National Health and Medical Research Council Centre of Research Excellence for Chronic Respiratory Disease, School of Medicine, University of Tasmania, 17 Liverpool Street, Private Bag 23, Hobart, Tasmania 7000, Australia.
Expert Rev Respir Med. 2013 Jun;7(3):275-88. doi: 10.1586/ers.13.26.

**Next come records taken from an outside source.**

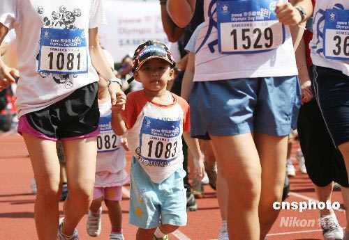 图为出席欢乐跑活动的小选手。 中新社发 武仲林 摄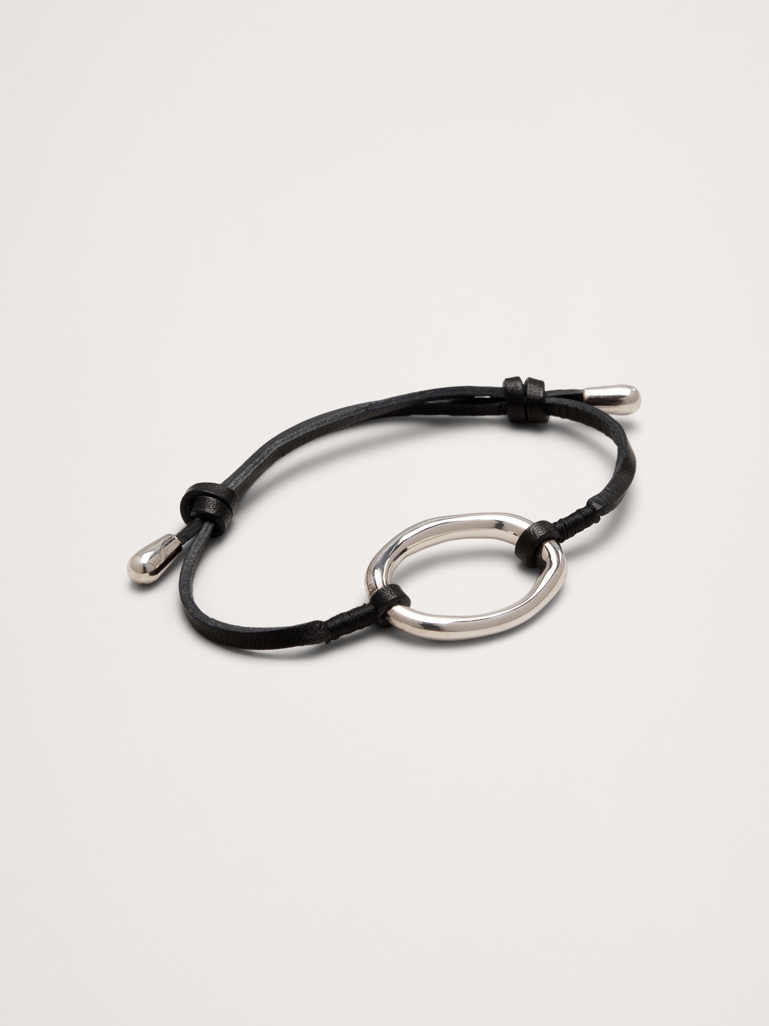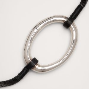 A coiled silver ring suspended from a simple, leather cord, finished in 999-silver plated brass.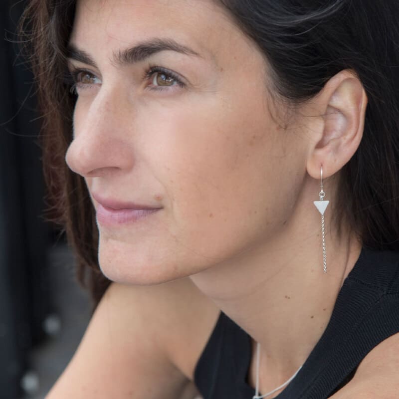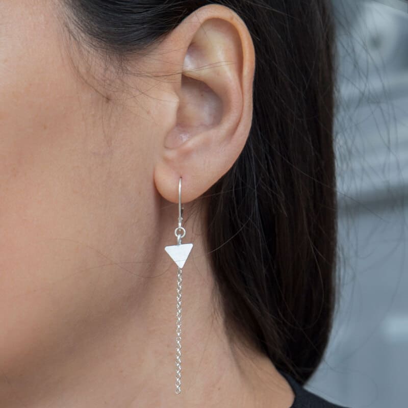 These original silver triangles are the perfect combination of edgy and elegant! The long dangling chain gives the earring nice movement and a modern look. The perfect look for a day at the office or a night on the town, these earrings make a great accessory to your everyday style!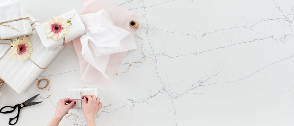 Luxury aesthetics and life-long durability come together in Calacatta Montage Quartz, featuring a soft white background with delicate dove gray veining throughout the slab. Replicating the sought-after look of Italian marble, this gorgeous look creates white quartz countertops, waterfall islands, backsplashes, floors, and more for an instant upgrade. Get the look of elegance with this high performance, easy-care quartz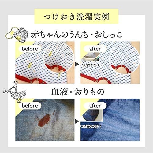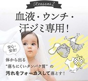 【身体から出る汚れにフォーカス!】布おむつに付いた汚れ、下着に付いた血液のシミ、ベビーの母乳やミルクの吐き戻し・食べこぼし、ワイシャツの襟汚れや汗ジミなど、身体から出る”落ちにくいタンパク質”の汚れにフォーカスして落とします。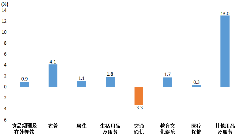 其他七大类价格同比“六涨一降”。其中,其他用品及服务类价格上涨13.0%,衣着类价格上涨4.1%,生活用品及服务类价格上涨1.8%,教育文化娱乐类价格上涨1.7%,居住类价格上涨1.1%,医疗保健类价格上涨0.3%;交通通信类价格下降3.3%。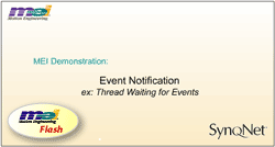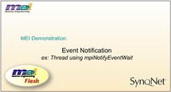 Event Notification is a way to communicate events from objects down on the controller to application threads on the host system. This is an example of a thread using mpiNotifyEventFlush(...).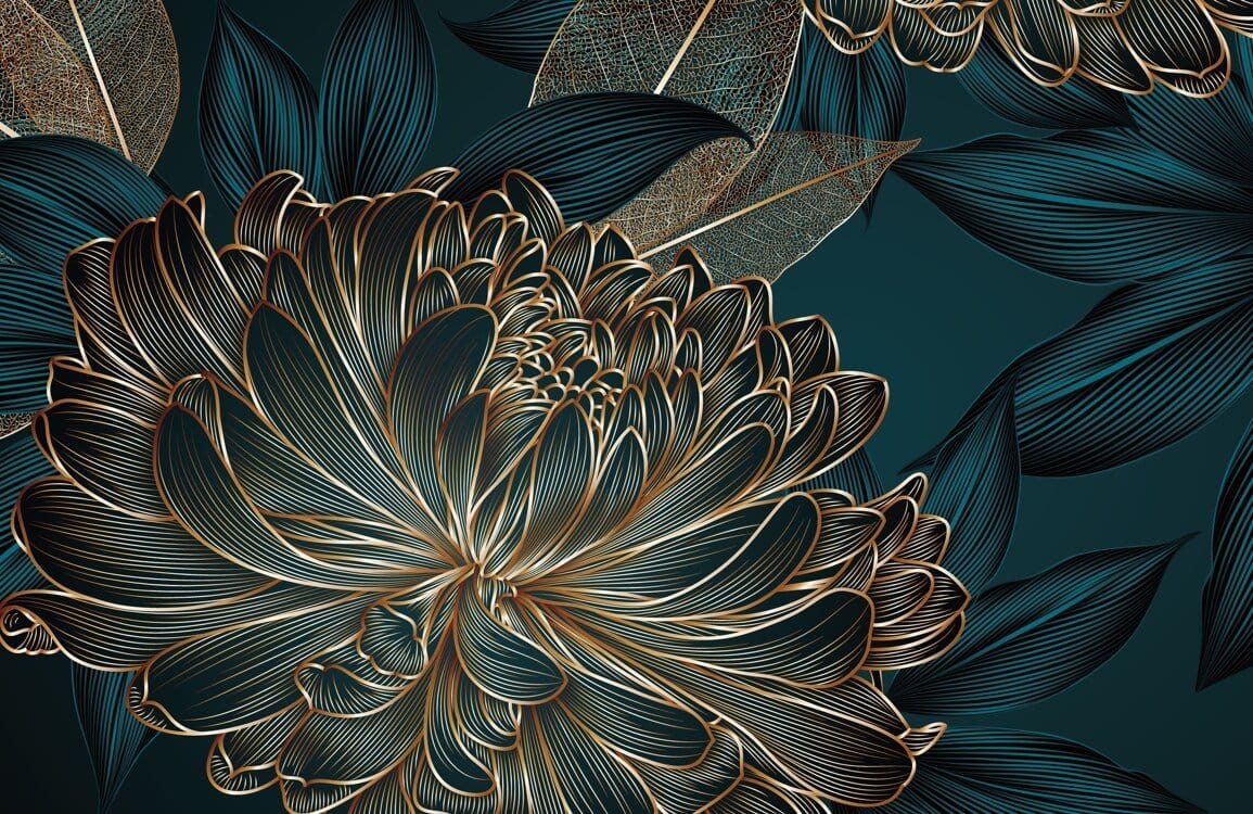 Add a touch of glamour to your walls with this eye-catching Wall Murals. The spellbinding motifs of chrysanthemum in gold accents, complete with the details on the petals, make it a sight to behold. Decorate your living room with this consummate refinement that spells pure luxury. Impress your guests with this masterpiece of a wall mural.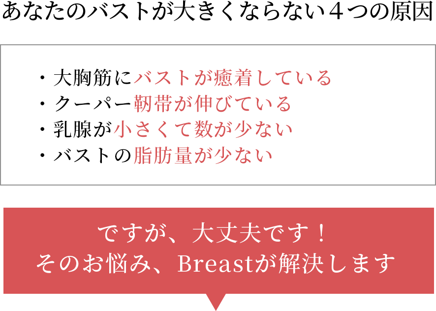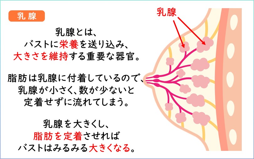 乳腺が大きくなることで、多くの脂肪を付着させることができます。そのため脂肪が流れにくくなり、全身がスッキリしてメリハリボディーになります。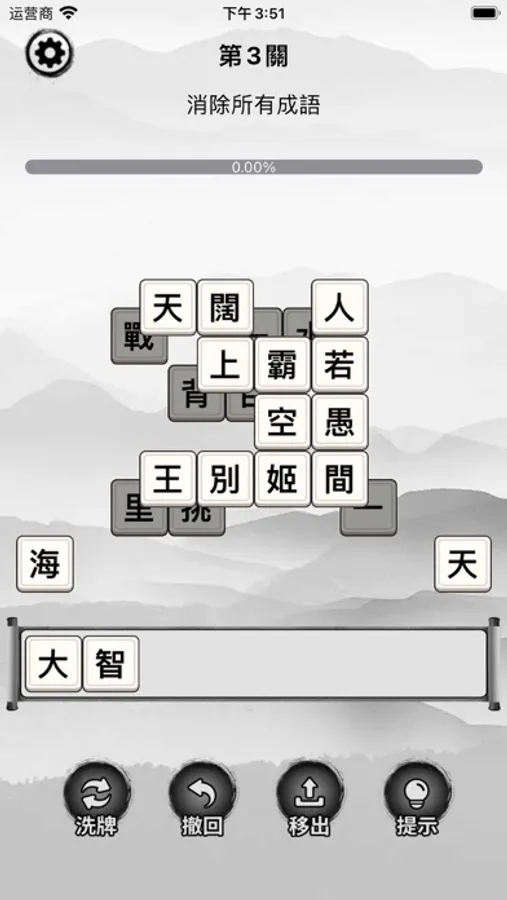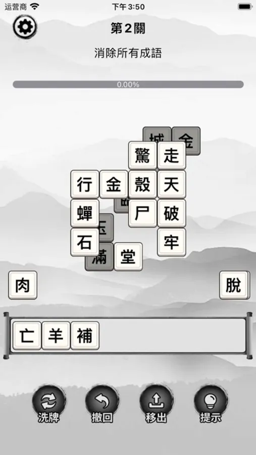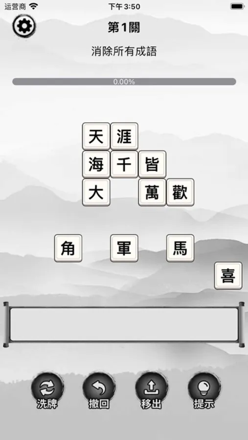 • 隨機打亂順序,沒有可以消除的成語時可以使用。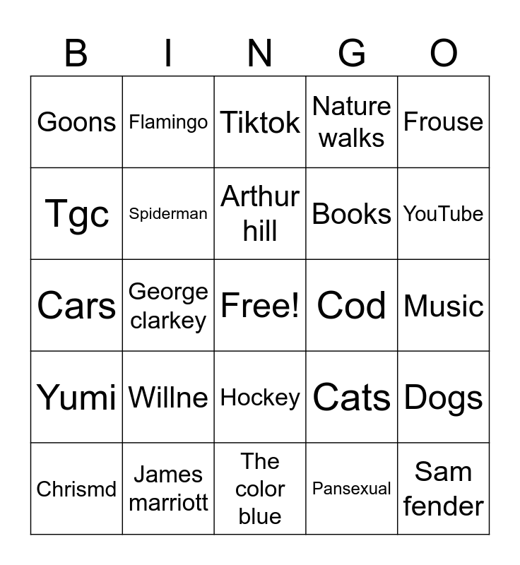 This bingo card has a free space and 24 words: Willne, James marriott, Arthur hill, Chrismd, Frouse, Goons, Tgc, Flamingo, Cod, Hockey, Books, Cars, Cats, Dogs, Spiderman, Pansexual, Music, Tiktok, YouTube, George clarkey, Sam fender, Yumi, Nature walks and The color blue.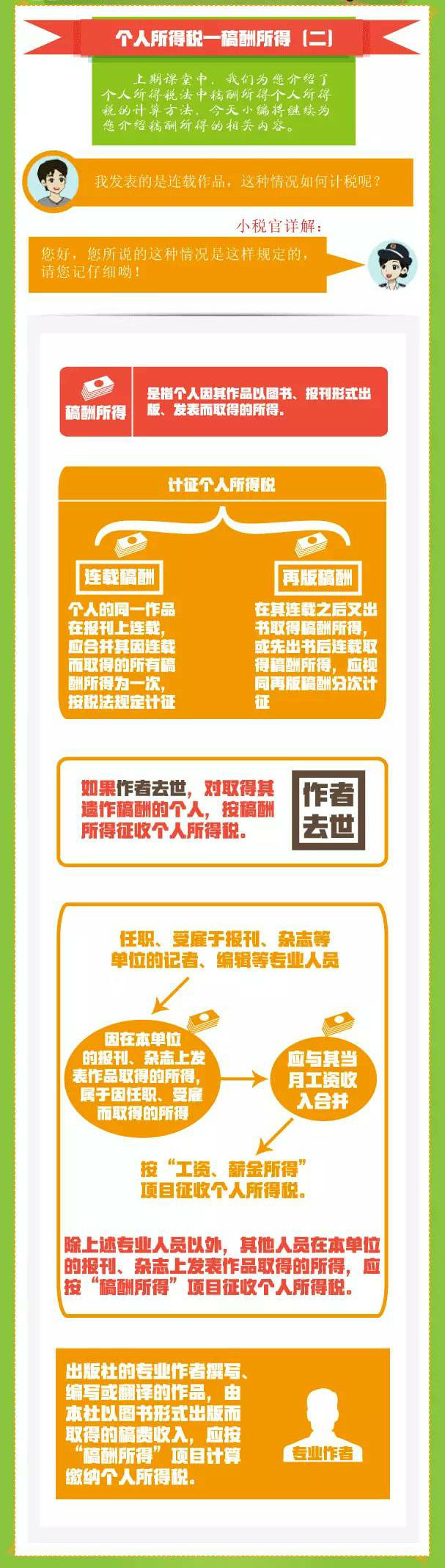 上一期,我们为大家介绍 个人所得税法中稿酬所得个人所得税的计算方法,今天小编将继续为大家介绍稿酬所得的相关内容。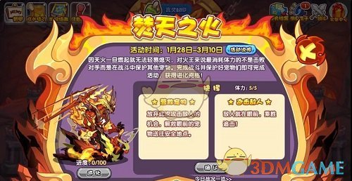 在游戏《洛克王国》中,每天玩家有五点体力,挑战敌人会扣除体力值增加进度,那么国焚天之火怎么玩呢?今天小编就给大家详细介绍一下焚天之火活动攻略,有需要的小伙伴不要错过了。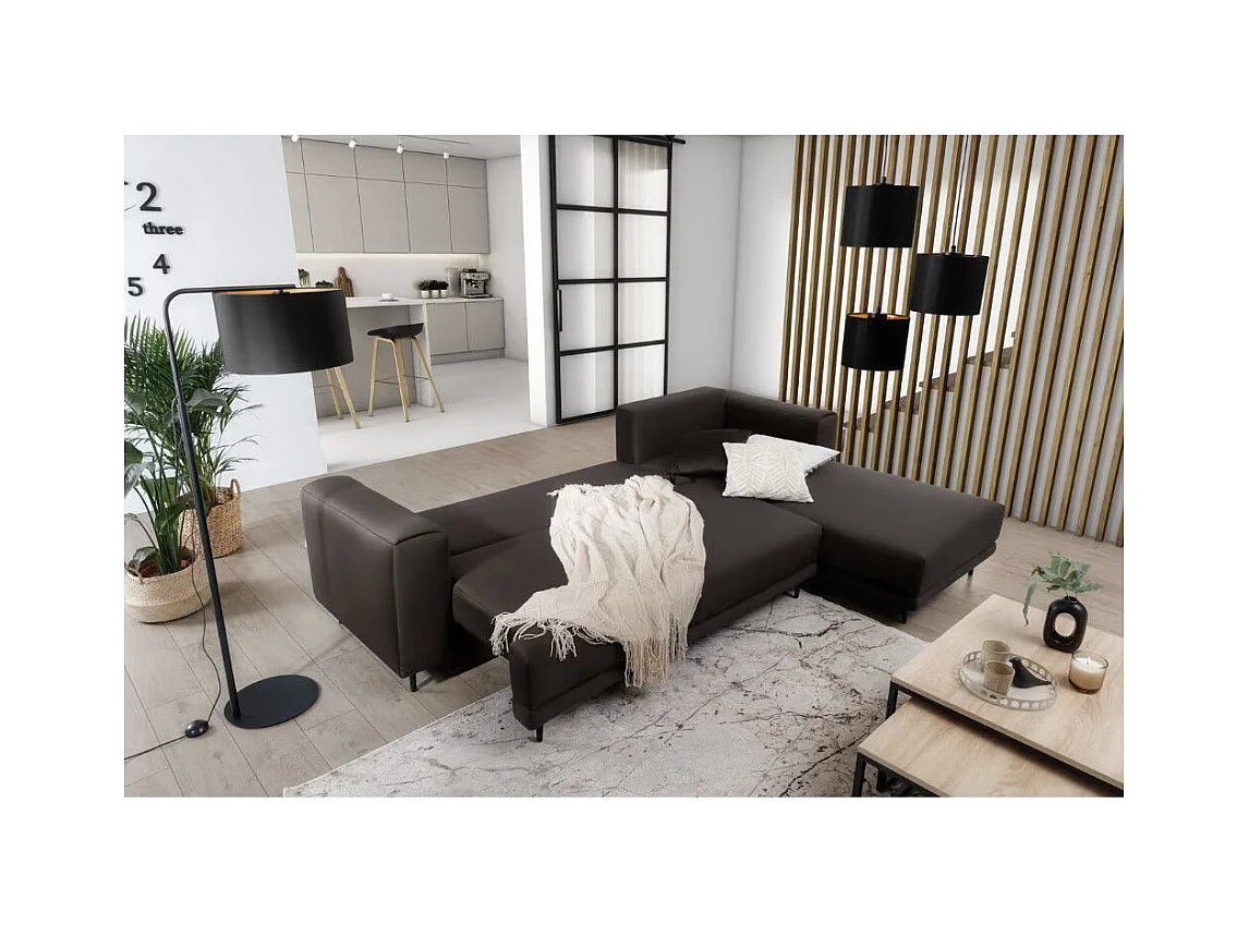 Canapé d'angle convertible velours têtière réglables GRENKY - Coffre, pieds acier chromé-Marron-angle droit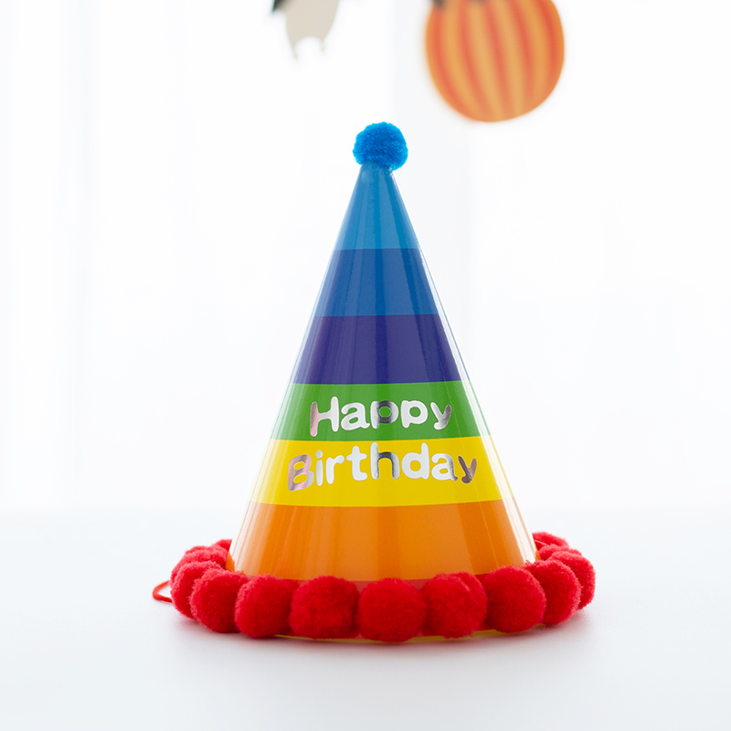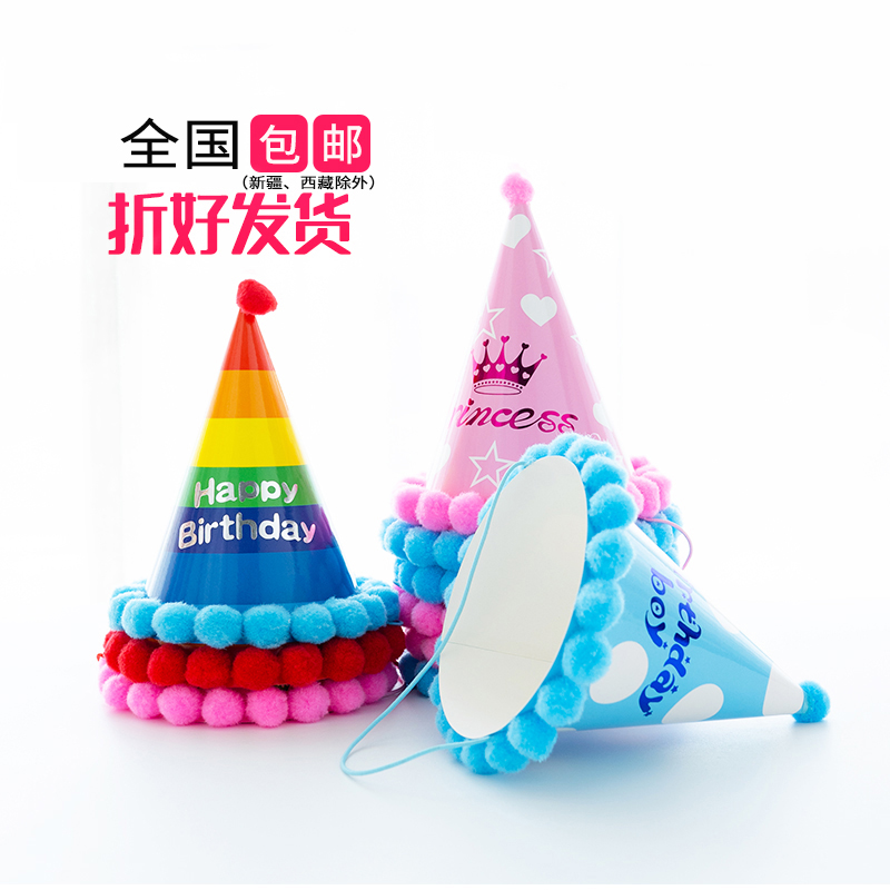 20 cartoon rainbow hairball birthday hat baby one year old crown party hat net red children adult cake hat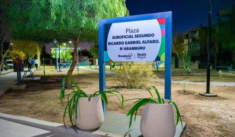 La Municipalidad de la Ciudad de Rivadavia celebra la inauguración de la renovada Plaza Suboficial Segundo Ricardo Gabriel Alfaro, un espacio verde en el corazón del Barrio Aramburú que ha sido completamente transformado gracias a recursos propios de la comuna.

The authors have reviewed the current literature on airway inflammation and remodeling in smoking-related chronic obstructive pulmonary disease (COPD). Detailed data on airway remodeling in COPD are especially sparse and how these changes lead to decline in lung function is not well understood. Small airway fibrosis and obliteration are likely to be the main contributors to physiological airway dysfunction and occur earlier than any subsequent development of emphysema. One potential mechanism contributing to small airway fibrosis/obliteration and change in extracellular matrix is epithelial-mesenchymal transition. When associated with angiogenesis (so-called epithelial-mesenchymal transition type 3) it may well also be the link with the development of cancer, which is closely associated with COPD, predominantly in large airways. The authors have focused on our recent publications in these areas. Further investigations teasing out these mechanisms will help improve our understanding of key airway disease processes in COPD, which may have major therapeutic implications.
作者回顾了与吸烟相关的慢性阻塞性肺疾病(COPD)气道炎症和重塑的现有文献。关于 COPD 气道重塑的详细数据特别稀少,这些变化如何导致肺功能下降尚不清楚。小气道纤维化和闭塞很可能是导致气道生理功能障碍的主要原因,并且比随后发生的肺气肿更早出现。导致小气道纤维化/闭塞和细胞外基质改变的一个潜在机制是上皮-间充质转化。当与血管生成(所谓的上皮-间充质转化 3 型)相关时,它也可能是与癌症发展的联系,而癌症与 COPD 密切相关,主要发生在大气道。作者关注了我们在这些领域的最新出版物。进一步的研究可以深入了解 COPD 中关键的气道疾病过程,这可能具有重要的治疗意义。